Complex carbohydrates can frequently be separated using hydrophilic-interaction chromatography (HILIC). The mechanism was investigated using small oligosaccharides and a new column, PolyGLYCOPLEX. Some carbohydrates exhibited anomer separation, which made it possible to determine the orientation of the reducing end relative to the stationary phase.
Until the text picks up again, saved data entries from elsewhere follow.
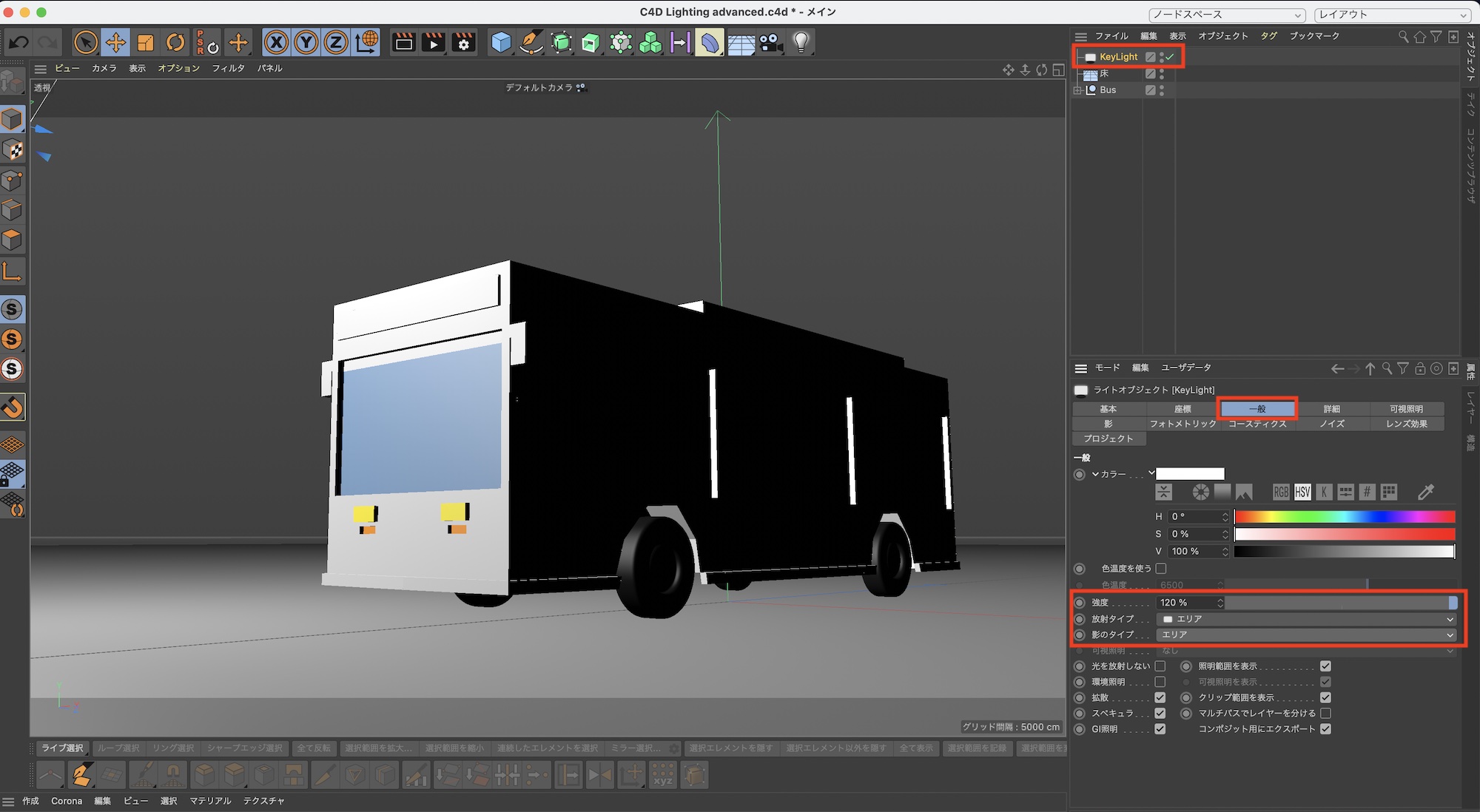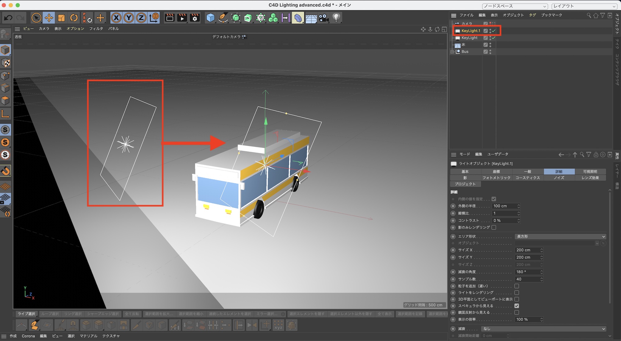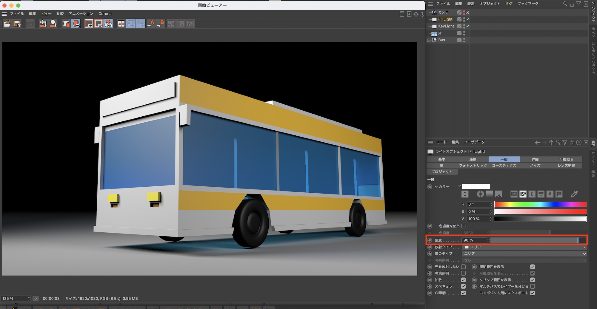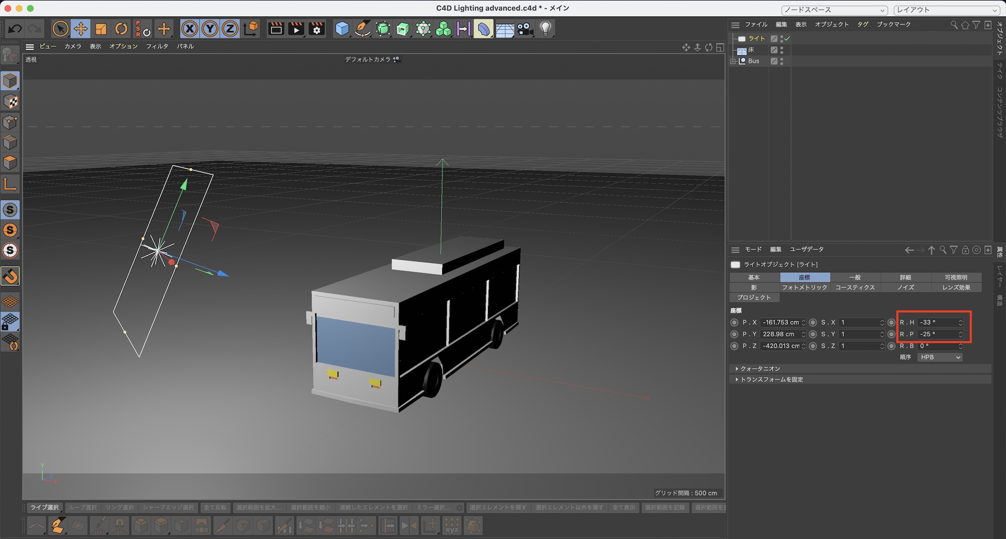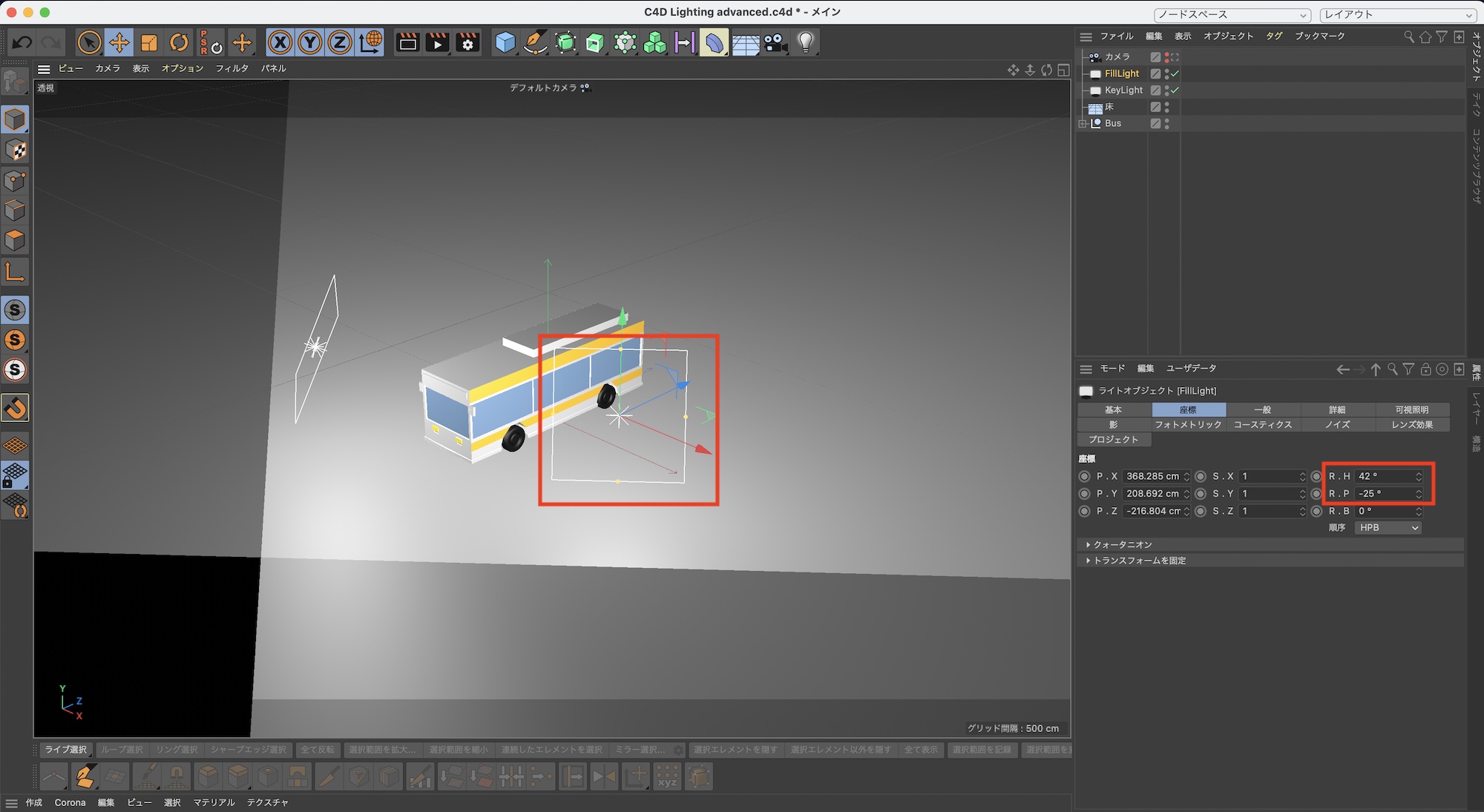FIllLightをバスの側面に光が当たるように座標を「R.H: 42°」、「R.P: -25°」のように変更します。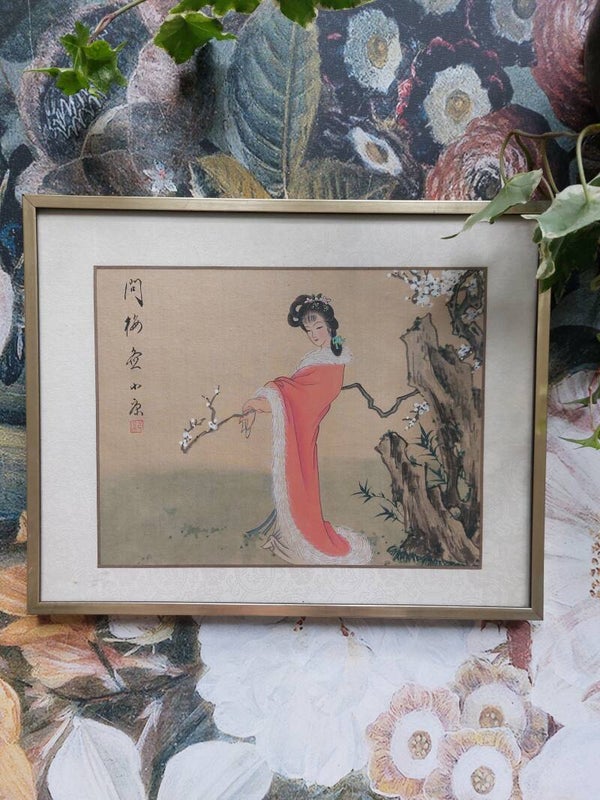 Twee prachtige Geisha tekeningen gezet in een gouden lijst. Met hun mooie rode gewaden bij de bloesemboom stelen ze de show. Gesigneerd.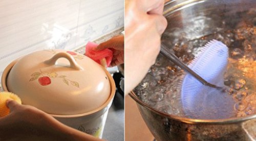 - Silicone brush can be used repeatedly,wash fruits and vegetables,clean pots and pans ,is safe and tasteless,non-greasy,clean without residue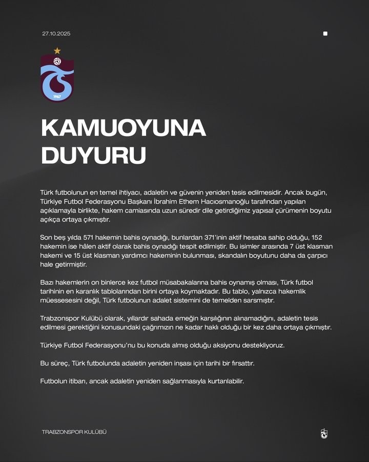 土耳其足球最根底的需求是重建正义和信任。然则,今天,土耳其足协主席易卜拉欣-埃特姆-哈奇奥斯马诺格鲁发表了声明,明晰地揭示了咱们长期以来在裁判界内所指出的结构性腐败程度。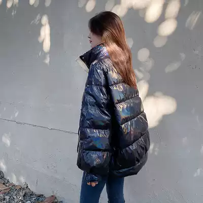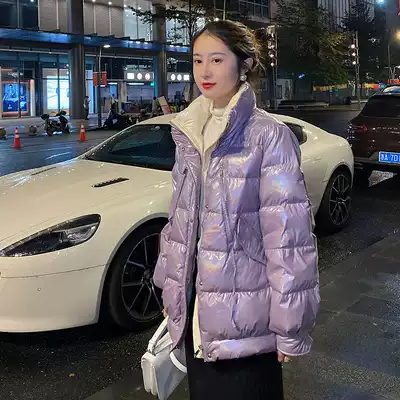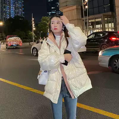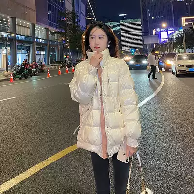 Concubine white bright face down jacket female collar 2021 new disposable Korean fashion loose light and thin short tide

Amide sugars were consistently good contact regions. Relative to amide sugars, sialic acids and neutral hexoses were better contact regions at lower levels of organic solvents than at higher levels. HILIC readily resolved carbohydrates differing in residue composition and position of linkage. Complex carbohydrate mixtures could be resolved using volatile mobile phases. This was evaluated with native glycans and with glycans derivatized with 2-aminopyridine or a nitrobenzene derivative. Both asialo- and sialylated glycans could be resolved using the same set of conditions. With derivatized carbohydrates, detection was possible at the picomole level by UV detection or on-line electrospray mass spectrometry. Selectivity compared favorably with that of other modes of HPLC. HILIC is promising for a variety of analytical and preparative applications.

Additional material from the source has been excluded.